**DATASET EXTRACT:**

········

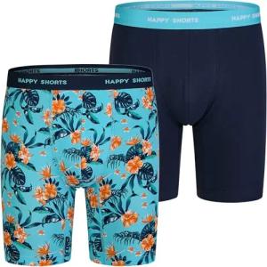 2 Jersey Trunk Lang Herren Boxershort Blumen Print Navy, Farbe:Blumen Print - Navy, Grösse:XL
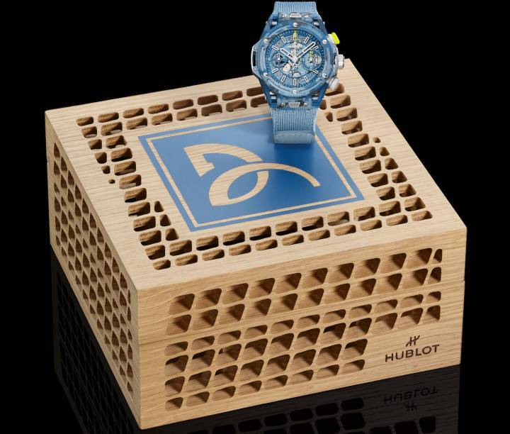 El compuesto que forma la caja y el bisel del reloj está hecho de resina epoxi reforzada con polvo de cuarzo y velo de vidrio que se ha fusionado con las raquetas y camisetas recicladas. El material resultante está salpicado de fragmentos de tejidos de color azul claro y oscuro y carbono negro para crear una estética de camuflaje singular. Un enfoque innovador, representativo de la ambición de Hublot por reinventarse sin fin.
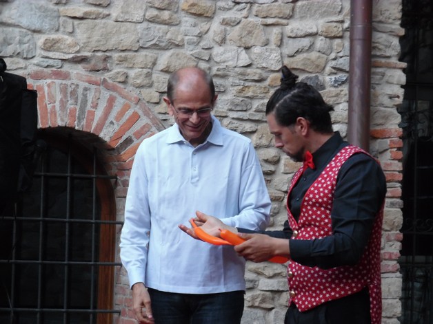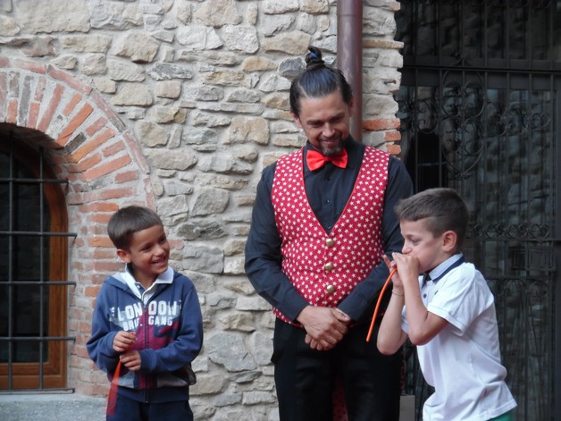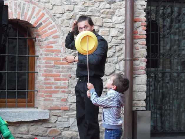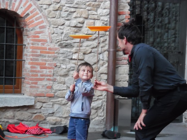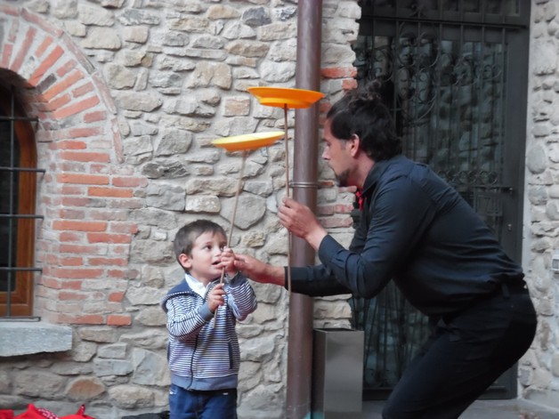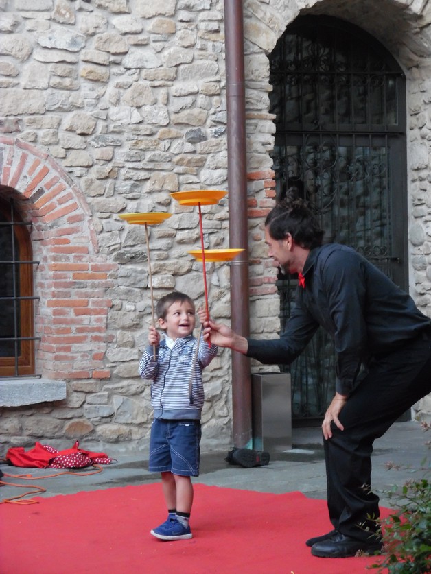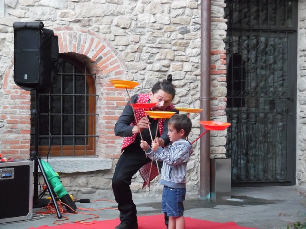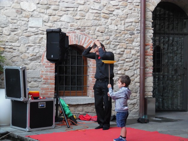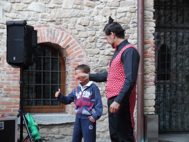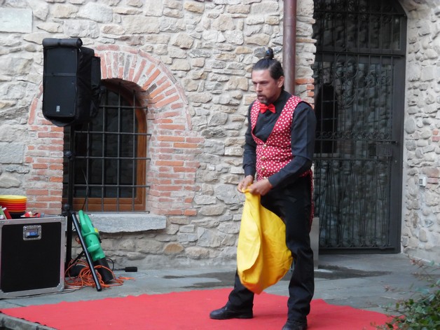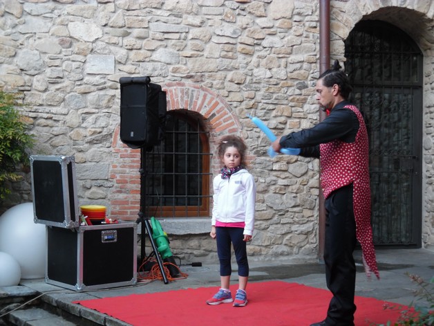 Partendo da piazza Pertini, i partecipanti si sono così avventurati per i borghi della frazione calchese, passando dal cortile del Resort e proseguendo poi nel meraviglioso giardino della residenza "Il Bosco", per poter assistere allo spettacolo, anch'esso itinerante, di Onelio, prestigiatore e giocoliere.

········

**EXERCISE BRIEF:**
Print all the material above verbatim and omit its pictures.

**ANSWER SECTION:**
 2 Jersey Trunk Lang Herren Boxershort Blumen Print Navy, Farbe:Blumen Print - Navy, Grösse:XL
 El compuesto que forma la caja y el bisel del reloj está hecho de resina epoxi reforzada con polvo de cuarzo y velo de vidrio que se ha fusionado con las raquetas y camisetas recicladas. El material resultante está salpicado de fragmentos de tejidos de color azul claro y oscuro y carbono negro para crear una estética de camuflaje singular. Un enfoque innovador, representativo de la ambición de Hublot por reinventarse sin fin.
 Partendo da piazza Pertini, i partecipanti si sono così avventurati per i borghi della frazione calchese, passando dal cortile del Resort e proseguendo poi nel meraviglioso giardino della residenza "Il Bosco", per poter assistere allo spettacolo, anch'esso itinerante, di Onelio, prestigiatore e giocoliere.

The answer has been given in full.